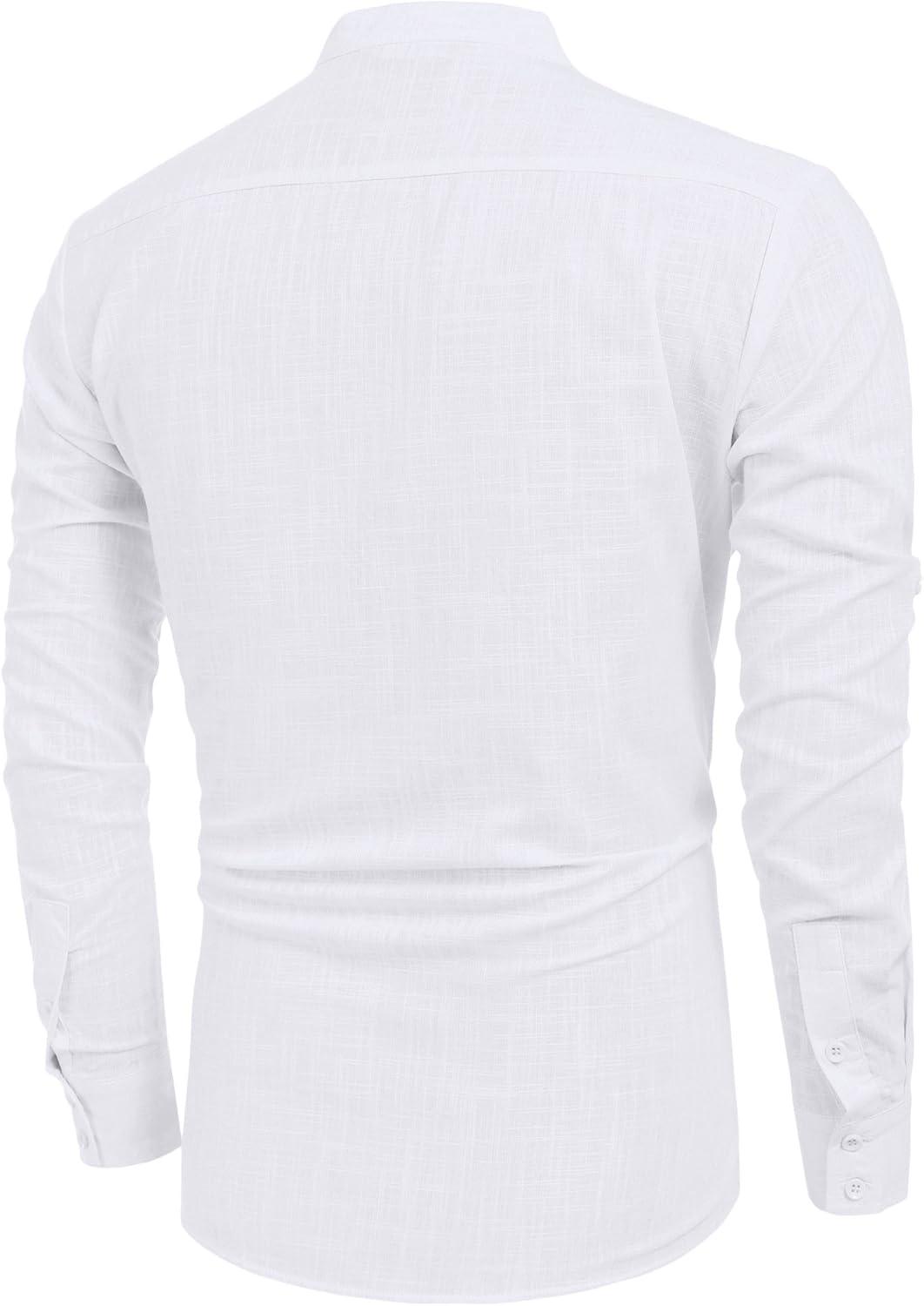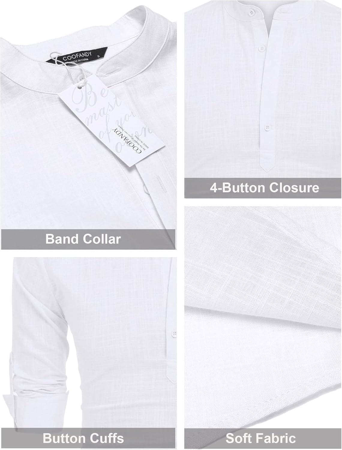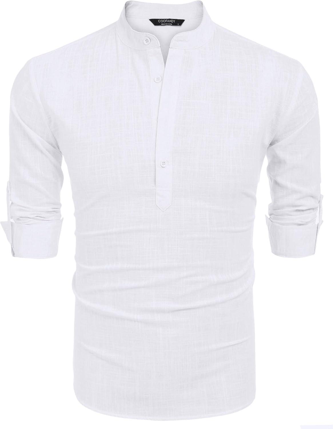 COOFANDY Men's Cotton Linen Henley T-Shirts Long Sleeve Hippie Casual Beach T-Shirts(01-white)
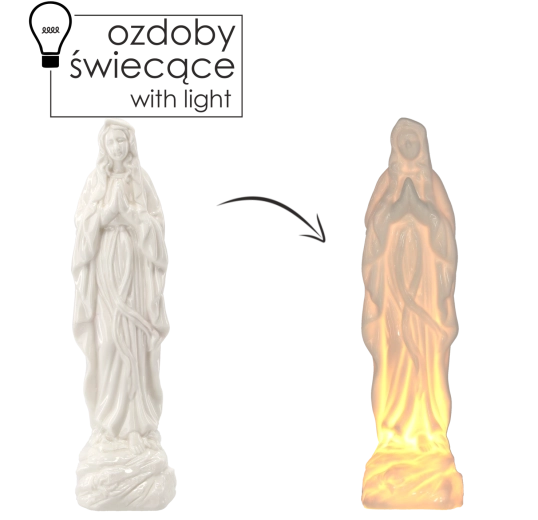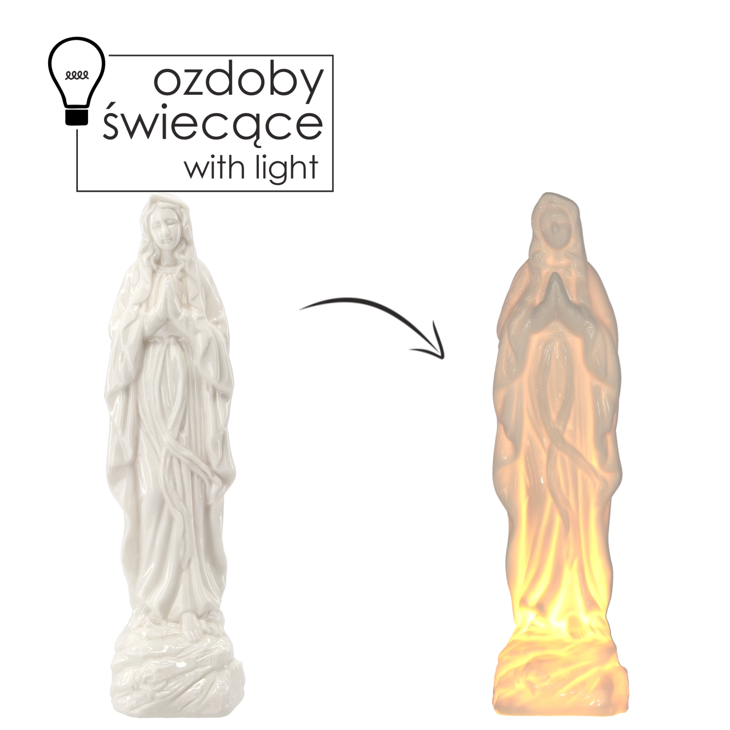 Elegáns porcelán Szűz Mária figura 28,8 cm magassággal és beépített LED világítással, amely meleg és nyugodt hangulatot teremt otthonában. Elemes működésének köszönhetően kábelek nélkül bárhová elhelyezhető, ideális karácsonyi dekorációhoz és mindennapi lelki elcsendesedéshez is.
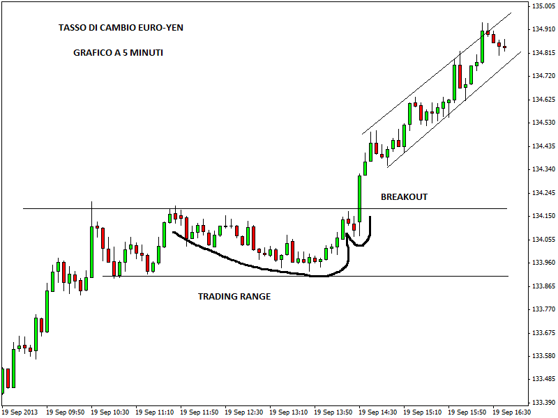 L’ideale è aspettare una fase di consolidamento per poi provare a prendere posizione sul breakout di una congestione, meglio se stretta e quindi con bassa volatilità. Solitamente queste fasi laterali di accumulazione o distribuzione del trend avvengono tra le ore 13 e le ore 14, mentre il breakout nella direzione della tendenza primaria può anche avvenire sui dati macroeconomici americani delle ore 14.30. Per capire meglio questo argomento si può dare un’occhiata al grafico in alto del cambio euro-yen, time frame a 5 minuti, interessato da una giornata ad ampio range.
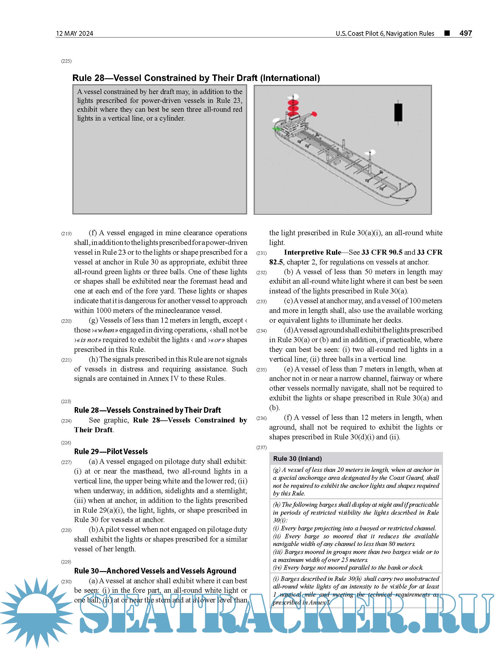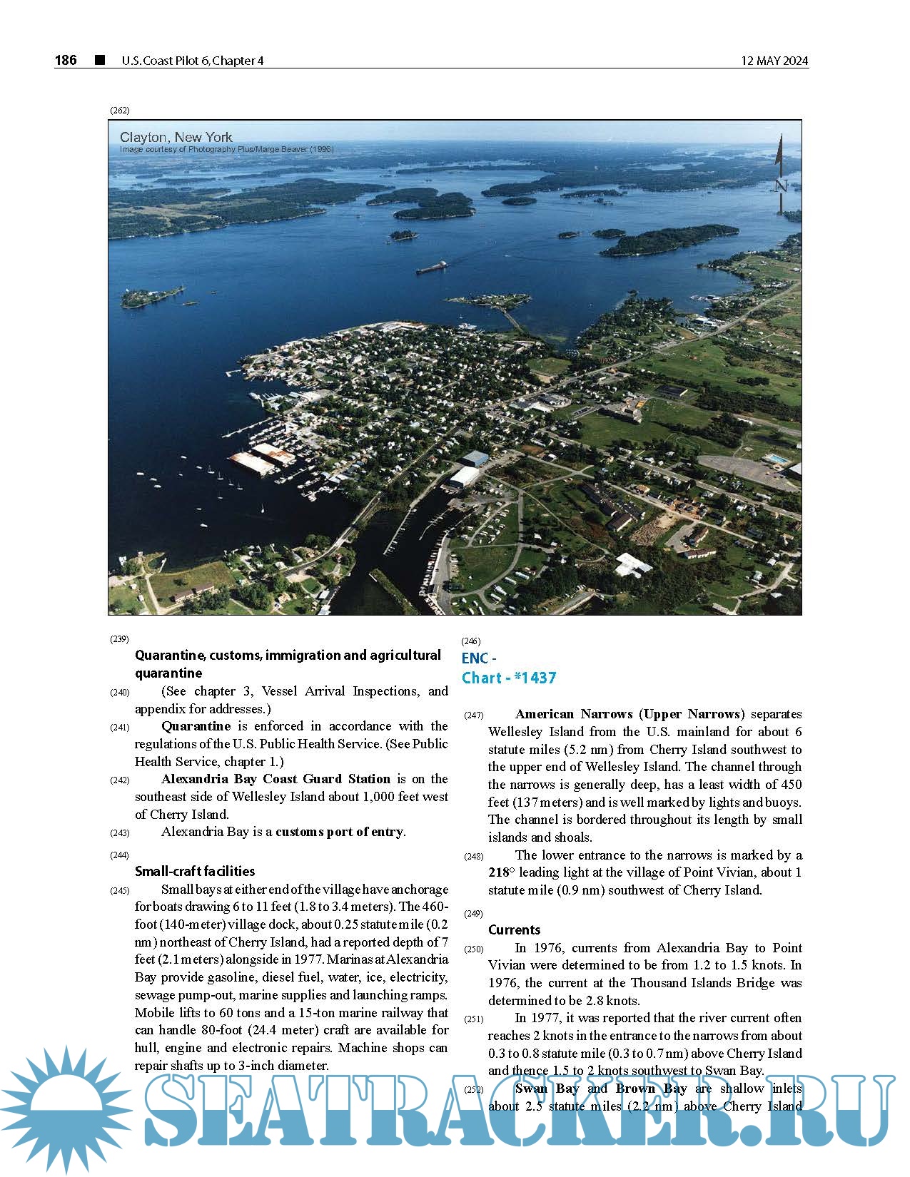 Topics in the Coast Pilot include channel descriptions, anchorages, bridge and cable clearances, currents, tide and water levels, prominent features, pilotage, towage, weather, ice conditions, wharf descriptions, dangers, routes, traffic separation schemes, small-craft facilities, and Federal regulations applicable to navigation.\
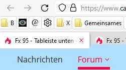 Dabei schiebt es aber die graue Hintergrundleiste der Tabs nach oben, die überlagert z.T. schon die Bookmarks.
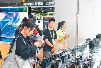 觀眾在進博會尼康相機展臺參觀。本報記者 高 喬攝
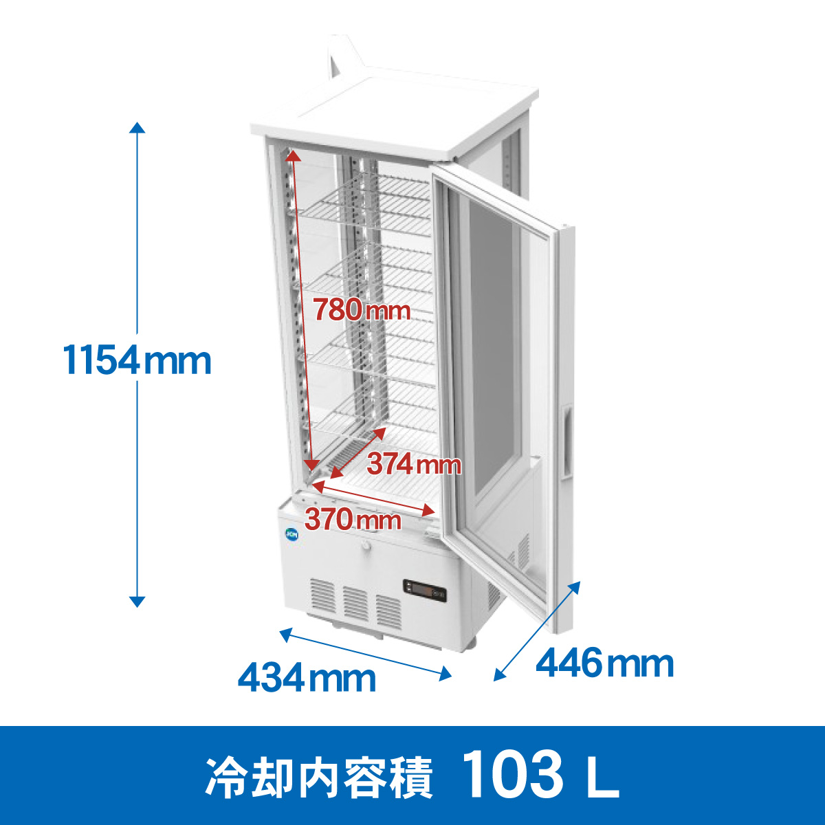 - 4面ともニ重ガラスで庫内保冷能力が良い。

What the exercise asks -
Only the pictures should be left out; the rest of the material above must be repeated exactly.

Solution to this problem -
 COOFANDY Men's Cotton Linen Henley T-Shirts Long Sleeve Hippie Casual Beach T-Shirts(01-white)
 Elegáns porcelán Szűz Mária figura 28,8 cm magassággal és beépített LED világítással, amely meleg és nyugodt hangulatot teremt otthonában. Elemes működésének köszönhetően kábelek nélkül bárhová elhelyezhető, ideális karácsonyi dekorációhoz és mindennapi lelki elcsendesedéshez is.
 L’ideale è aspettare una fase di consolidamento per poi provare a prendere posizione sul breakout di una congestione, meglio se stretta e quindi con bassa volatilità. Solitamente queste fasi laterali di accumulazione o distribuzione del trend avvengono tra le ore 13 e le ore 14, mentre il breakout nella direzione della tendenza primaria può anche avvenire sui dati macroeconomici americani delle ore 14.30. Per capire meglio questo argomento si può dare un’occhiata al grafico in alto del cambio euro-yen, time frame a 5 minuti, interessato da una giornata ad ampio range.
 Topics in the Coast Pilot include channel descriptions, anchorages, bridge and cable clearances, currents, tide and water levels, prominent features, pilotage, towage, weather, ice conditions, wharf descriptions, dangers, routes, traffic separation schemes, small-craft facilities, and Federal regulations applicable to navigation.\
 Dabei schiebt es aber die graue Hintergrundleiste der Tabs nach oben, die überlagert z.T. schon die Bookmarks.
 觀眾在進博會尼康相機展臺參觀。本報記者 高 喬攝
 - 4面ともニ重ガラスで庫内保冷能力が良い。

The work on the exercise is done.